Nothing but the lines below from the one with "Hand crafted using" through the one with "手前のほうに本宅がありました" should be output, each exactly as given, and no pictures.

*INPUT:*
┄┄┄┄┄┄

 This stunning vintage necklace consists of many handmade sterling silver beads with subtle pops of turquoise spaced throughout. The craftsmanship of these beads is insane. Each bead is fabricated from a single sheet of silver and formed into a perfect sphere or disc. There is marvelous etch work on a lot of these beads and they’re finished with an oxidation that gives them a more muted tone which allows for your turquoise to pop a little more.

┄┄┄┄┄┄

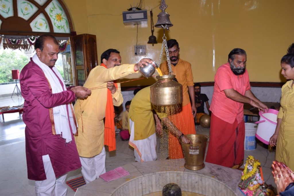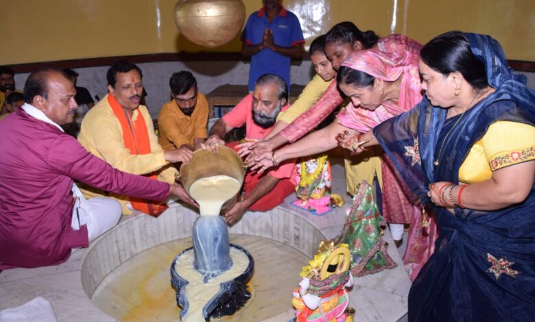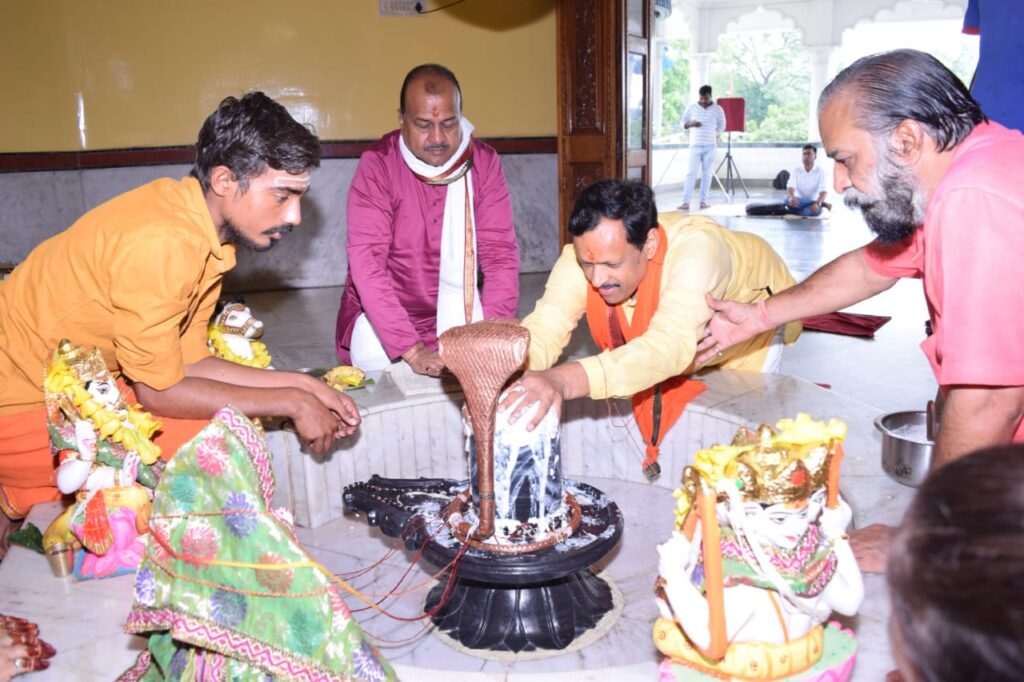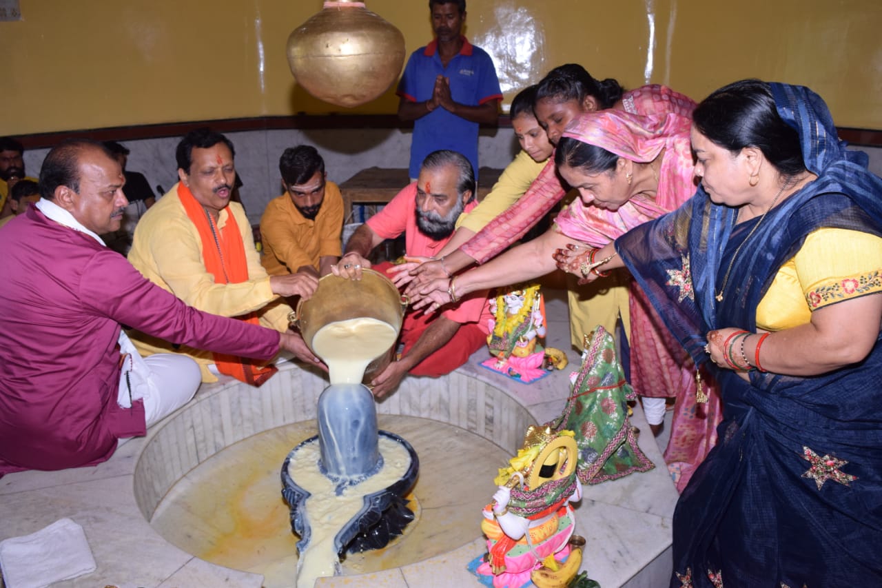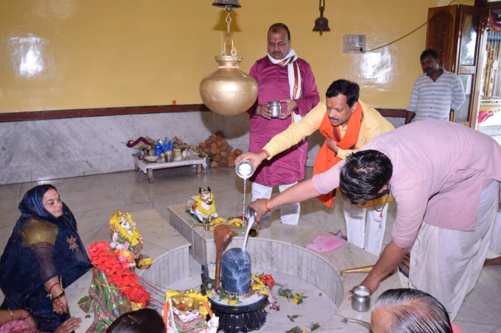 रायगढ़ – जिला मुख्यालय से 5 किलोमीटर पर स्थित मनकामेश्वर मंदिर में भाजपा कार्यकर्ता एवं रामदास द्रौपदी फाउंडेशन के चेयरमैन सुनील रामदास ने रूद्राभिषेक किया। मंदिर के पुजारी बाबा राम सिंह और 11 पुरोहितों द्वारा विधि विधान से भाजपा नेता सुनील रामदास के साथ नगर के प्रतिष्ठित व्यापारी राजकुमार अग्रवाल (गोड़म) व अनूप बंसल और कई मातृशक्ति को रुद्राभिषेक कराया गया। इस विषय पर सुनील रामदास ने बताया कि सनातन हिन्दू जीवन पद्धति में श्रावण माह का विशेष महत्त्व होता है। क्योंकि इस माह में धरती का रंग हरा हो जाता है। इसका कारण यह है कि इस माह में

┄┄┄┄┄┄

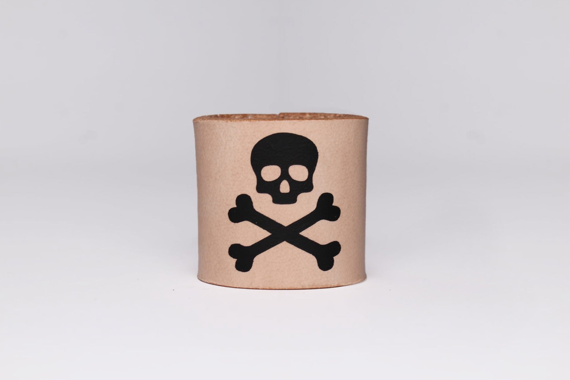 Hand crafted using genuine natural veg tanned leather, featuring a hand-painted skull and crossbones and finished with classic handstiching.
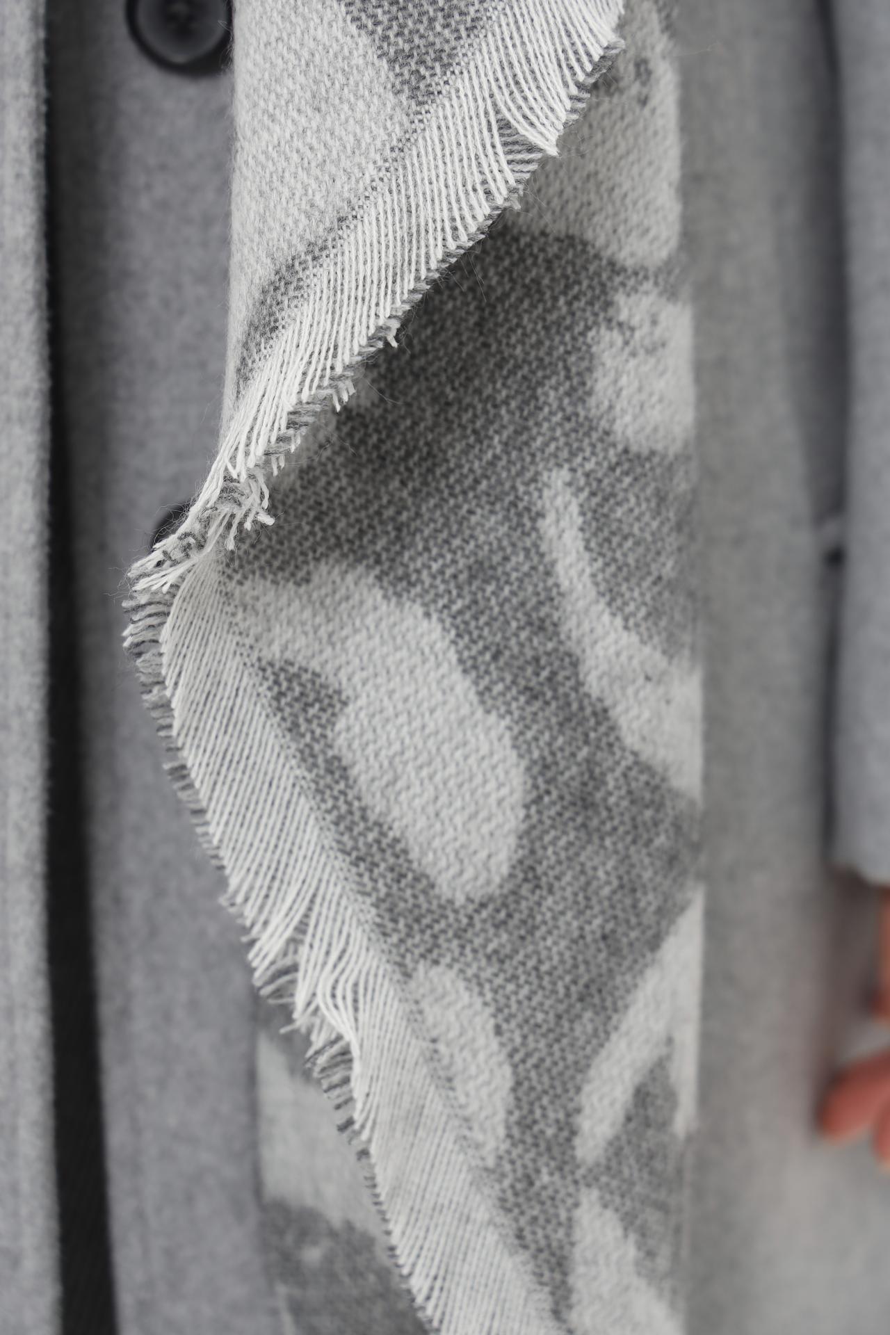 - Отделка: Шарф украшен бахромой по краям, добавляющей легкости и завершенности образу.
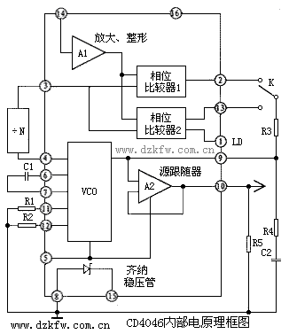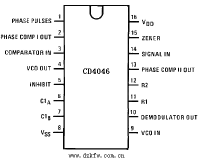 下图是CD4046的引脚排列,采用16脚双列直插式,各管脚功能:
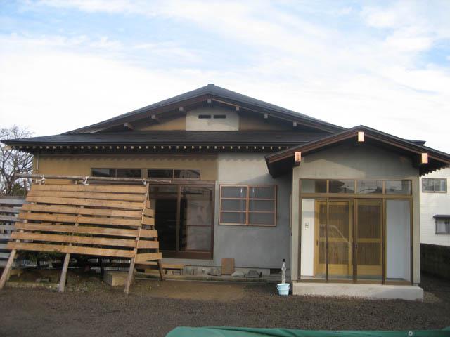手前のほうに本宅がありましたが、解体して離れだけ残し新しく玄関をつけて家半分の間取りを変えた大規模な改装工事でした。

┄┄┄┄┄┄

*ANSWER BOX:*
 Hand crafted using genuine natural veg tanned leather, featuring a hand-painted skull and crossbones and finished with classic handstiching.
 - Отделка: Шарф украшен бахромой по краям, добавляющей легкости и завершенности образу.
 下图是CD4046的引脚排列,采用16脚双列直插式,各管脚功能:
手前のほうに本宅がありましたが、解体して離れだけ残し新しく玄関をつけて家半分の間取りを変えた大規模な改装工事でした。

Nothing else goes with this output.